You’re often typecast in American movies as the exotic beauty. Won’t it be hard to go back to playing the exotic beauty after “Volver”?
Absolutely. It’s time for a change: I want difficult material. I want to be frightened when I go to the set. I still audition for parts. I’ll put myself on tape when I want something. I hate when actresses complain about how they were ugly as children and how they’ve had to overcome so much pain. I’m allergic to those kind of complaints. We all have our battles: if you have an accent in Hollywood, they underestimate you. They think you’re unsophisticated. And, then, if you look a certain way — it’s very hard not to be typecast. But now I have to be very selective.
Do you have any specific upcoming projects in mind?
Well, one of the things I’d like to do is a musical. My favorite Christmas gift was my first tutu, which I received when I was around 6. I was so excited. And I’d like to do any kind of movie with Javier Bardem. It’s so obvious that we would make a great on-screen couple. Why are we not working together?
There is talk of Almodóvar directing you and Antonio Banderas in a film. As a couple, you presented Almodóvar with his Oscar for best foreign film for “All About My Mother” in 2000.

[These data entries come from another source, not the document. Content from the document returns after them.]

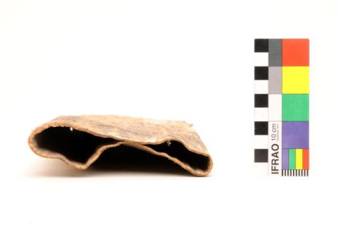 Contenedor usado para llevar flechas. Tiene forma rectangular irregular con el extremo superior recto y la base redondeada. Cuero curtido y cosido de color marrón claro con manchas.
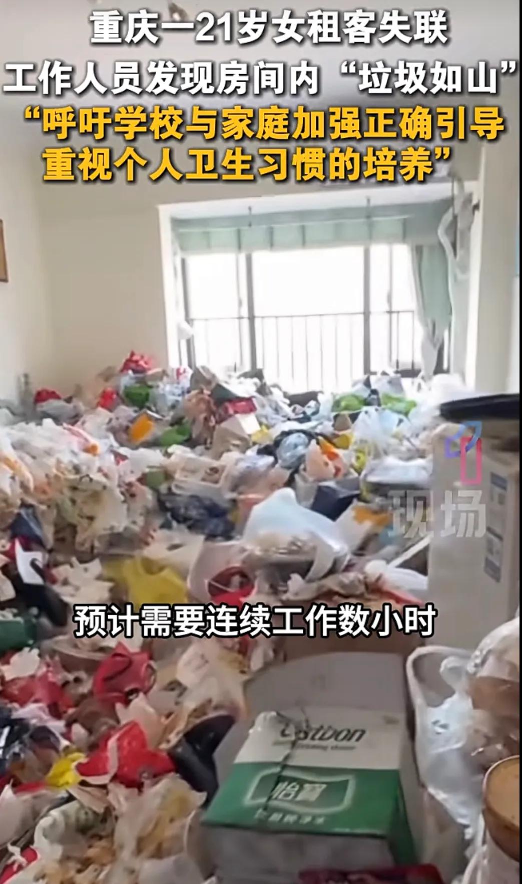 1月8日,重庆,一租房平台工作人员反映,一名2005年出生的女租客在租住一年半后,欠租十多天拉黑工作人员后失联。平台报警并开门后发现,屋内垃圾堆积成山,场面触目惊心。工作人员表示,押金可能仅够支付垃圾清运费用,房屋内部及家具家电是否损坏需清空后才能检查。 工作人员掀开房门的那一刻,刺鼻的馊味先一步涌了出来,视线所及之处全是堆积的垃圾:发黄的外卖餐盒浸着油污,揉成一团的纸巾和零食袋缠在一起,甚至连床沿边都摞着没扔的饮料瓶。据在场的人说,垃圾几乎占据了房间三分之二的空间,要不是提前知道这是有人居住的出租屋,乍一看还以为是被废弃的垃圾站。谁能想到,住在这里的是个21岁的年轻女孩,刚搬进来时还带着学生的青涩,如今却用这样的方式留下了一地狼藉。 这事在网上传开后,骂声大多落在“女孩太懒”“没教养”上,但扒开表象看,这更像是当代部分年轻人独立生活能力缺失的一个极端缩影。05后这一代,大多是独生子女,从小被父母包揽了所有家务,上学时又被学业压得喘不过气,根本没机会学习怎么打理生活。就像这位女孩,从校园突然踏入社会独自租房,面对柴米油盐和家务琐事,瞬间就陷入了“手足无措”的状态,最后干脆破罐子破摔,任由房间变成垃圾场。 这种“生活能力断层”,其实不是个例。身边不少刚毕业租房的年轻人,要么靠外卖度日,厨房从来没开过火;要么衣服攒到没的穿才洗,房间乱到只能在角落腾出一块睡觉的地方。他们不是不想整洁,而是真的没学过怎么规划生活、怎么动手整理,父母和学校的教育里,似乎总把“学习好”放在第一位,却忽略了“生活好”也是人生的必修课。 更让人揪心的是,女孩选择用拉黑、失联的方式逃避问题,这背后是责任意识的缺位。欠租可以沟通,房间脏乱可以整改,可她却用最幼稚的方式推开所有解决问题的可能,这比垃圾堆积的场面更让人觉得可惜。独立生活从来不是只靠年龄达标,而是要学会对自己的选择负责,对生活里的琐事负责。 这起事件也该让家长反思,自己全把家务包揽了,让孩子把精力全放在学习上,是否是最好的选择? 各位读者你们怎么看?欢迎在评论区讨论。
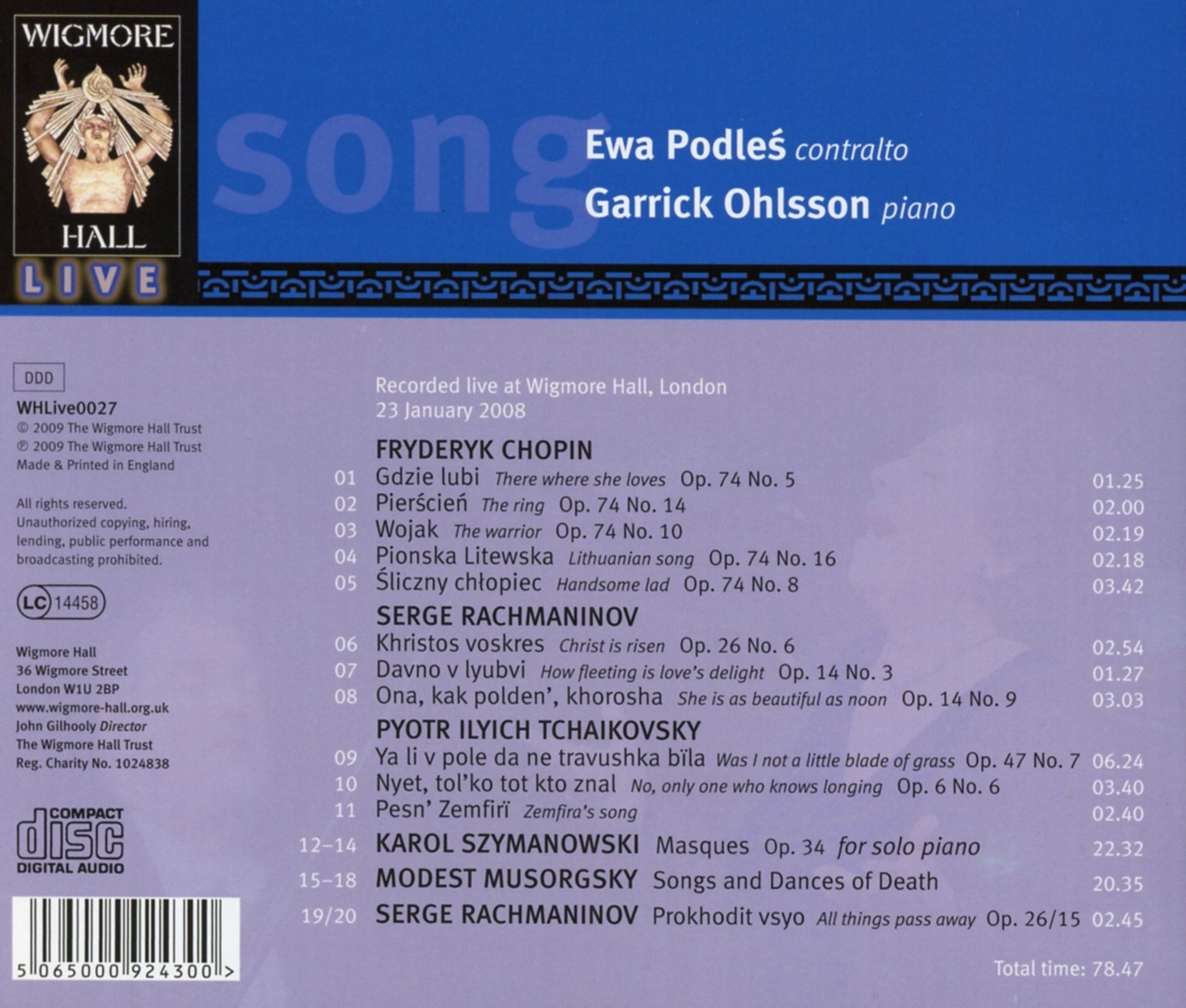 Lieder von Chopin, Rachmaninoff, Tschaikowsky, Szymanowsky, Mussorgsky
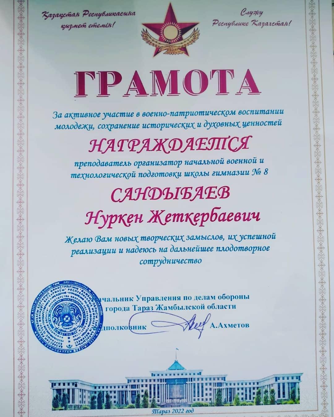 Жамбыл облысы Тараз қаласы қорғаныс істер жөніндегі басқармасы 2005 жылы туылған ұл балаларды қорғаныс басқармасына тіркеуге жоғары деңгейде ұйымдастырғаны үшін және әскери патриоттық тәрбиені жақсы жүргізгені үшін Төле би атындағы №8 гимназиясының АӘжТД пәнінің оқытушы-ұйымдастырушысы Сандыбаев Нуркен Жеткербаевич марапатталды.

That was a crazy night. The evening before the Oscars, I was at a reception at the Spanish consulate in L.A. The food was delicious, and I bit into an empanada and I broke my front tooth. I heard that crack and the world stopped. The next day was the first time I would be presenting an Academy Award, and I had a broken tooth. I was screaming for a dentist, and, finally, Antonio got his dentist, who was hosting a party at his house, to come to his office at 1 a.m. and help me. So when Pedro won, I could smile without fear. I had all my teeth.